At Hubbell, the customer experience gets treated like a direct output of operations, not a brand message. The experience is shaped by three pillars that people can feel immediately: quality, accuracy, and speed. When those three are aligned, customers get what they expected, and the business earns the right to exceed expectations.

The definition of “customer” also expands. External customers include buyers, residents, and clients. Internal customers include associates and trade partners who shape day-to-day delivery. Ignore the internal experience long enough, and the external experience inevitably cracks.

Hoogle High Fives

If the goal is creating raving fans externally, internal “fans” can’t be optional. One practical way to make internal commitment visible is to recognize the behavior that drives great experiences. At Hubbell, that recognition became a habit through one of our internal reputation management strategies, called “Hoogle High Five,” a program designed to spotlight teammates who go above and beyond in a quick, easy digital format.

This initiative has been one of our most successful in fostering a positive workplace, with thousands of high fives in the first six months. It aligns well with the idea of rewarding people for being their best, even in the day-to-day. Here is how we started it.

  • First, an associate can nominate anyone in the company. That nomination is reviewed, submitted, and sent to that nominated associate AND their manager.
  • Then, we announced that anyone who nominated someone for a Hoogle High Five would be entered into a random drawing.
  • Eight people would be selected each month, and each would receive a $100 reward.

This aligns with our “Eight to Great” culture, which has completely changed the game. Before the contest, we averaged about 20 high fives per month. After we introduced it, that number jumped to around 250 per month.

The process is simple. Anyone can submit a Hoogle High Five, and I receive and read every nomination. It’s amazing to see the variety of recognition people give each other, from simple acts of kindness to going above and beyond in their roles. The feedback isn’t hidden. Anyone in the company can read these high fives, making it a shared experience.

Overall, the Hoogle High Five has become a core part of our company culture. It’s not just a recognition program; it reinforces the behaviors and attitudes we value most. By encouraging people to show appreciation for one another, we’ve created an environment where passion and positivity thrive.

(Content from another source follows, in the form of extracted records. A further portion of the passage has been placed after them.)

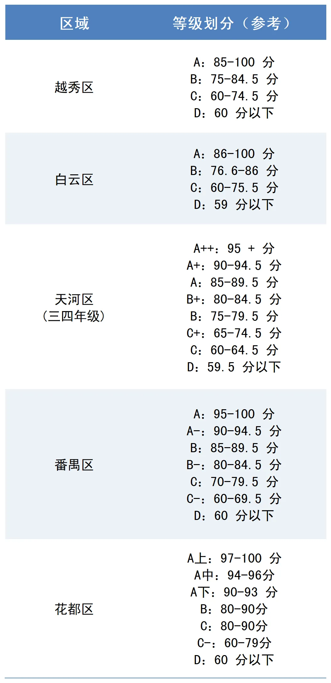 不同区、不同年级的等级对应分数有差异,以下是家长们分享的实用参考,最终以学校实际标准为准~
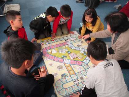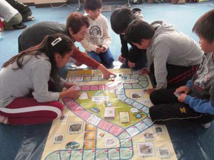 お話を聞いた後は,女性会の方にご用意していただいたエコすごろくをして楽しみながらエコについて考えることができました。
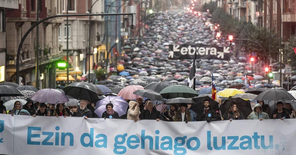 Miles de personas han desafiado este sábado a la lluvia para reclamar en Bilbao los derechos del centenar de presos de ETA que siguen en prisión purgando por sus condenas casi quince años después de que la banda armada anunciara el fin de su actividad violenta y siete años desde su desarme. La movilización por los presos es habitual todos los comienzos de año, pero en esta ocasión, la protesta ha puesto el foco en las leyes excepcionales que se mantienen en los ámbitos legislativos, judicial y penitenciario y que, a juicio de la red Sare, convocante de la marcha, son un candado que impide la libertad de algunos presos y presas y en otros casos el acceso a los beneficios penitenciarios en modo de progresión al tercer grado y poder así completar la condena en régimen abierto.
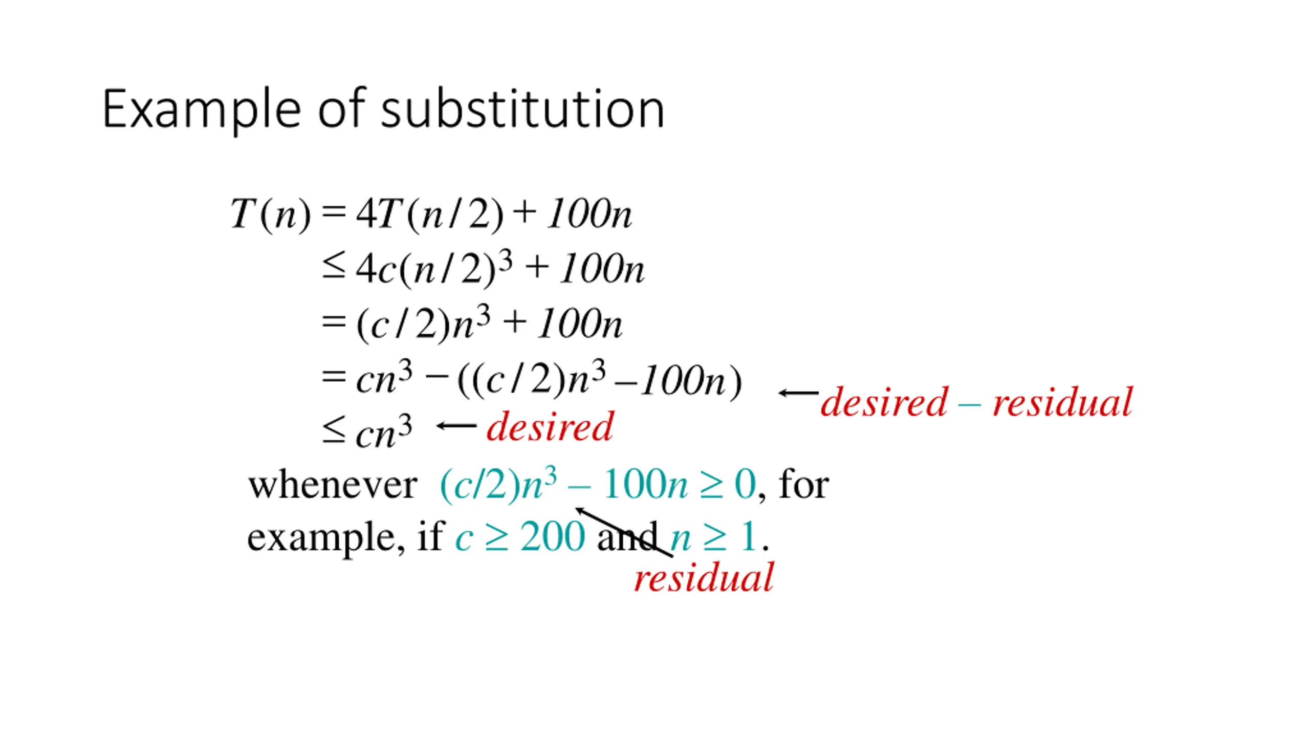 Example of substitution = + ( ) 4 ( ) 2 / T n T n 100n + 3 + 4 ( ) 2 / n c n 100n = 3 ( cn ) 2 / c 100n = 3 3 (( ) 2 / c n ) 100n desired residual desired 3 cn whenever (c/2)n3 100n 0, for example, if c 200 and n 1. residual

Review Strategy and Handling Negative Feedback

A customer experience strategy must include measurement and feedback, or it will drift into guesswork.

Feedback can be gathered systematically. For example, platforms like Avid Ratings and Yardi help capture homebuyer or renter satisfaction and highlight patterns that might not show up in individual conversations. In senior living, managers engage residents directly—asking about meals, activities, and overall experience—so issues surface early while they are still easy to fix.

Great service also needs an “ask.” Delivering the experience is crucial, but actively gathering feedback and managing how processes are perceived matters too, especially in the public arena of online reviews.

Of course, not every review is positive. That’s where discipline matters. Low ratings (1–3 stars) should be reviewed, root causes identified, and responses handled transparently and quickly. Customers can tell when a company owns an issue instead of dodging it.

Turning Service into a Marketing Engine

When quality, accuracy, and speed are consistent, service stops being a cost center and starts acting like marketing. Positive experiences build trust and customer loyalty, and they also reduce the power of the occasional dissatisfied voice because the broader reputation is strong.

Creating raving fans is not a seasonal push. It’s an all-year feedback-and-improvement cycle. So start by building a simple year-round plan: define what “great” means in daily execution (quality, accuracy, speed), decide when the organization will request reviews, assign ownership for responding to low ratings, and create a rhythm for sharing insights internally. Then reinforce the behaviors that create great experiences through recognition and visibility.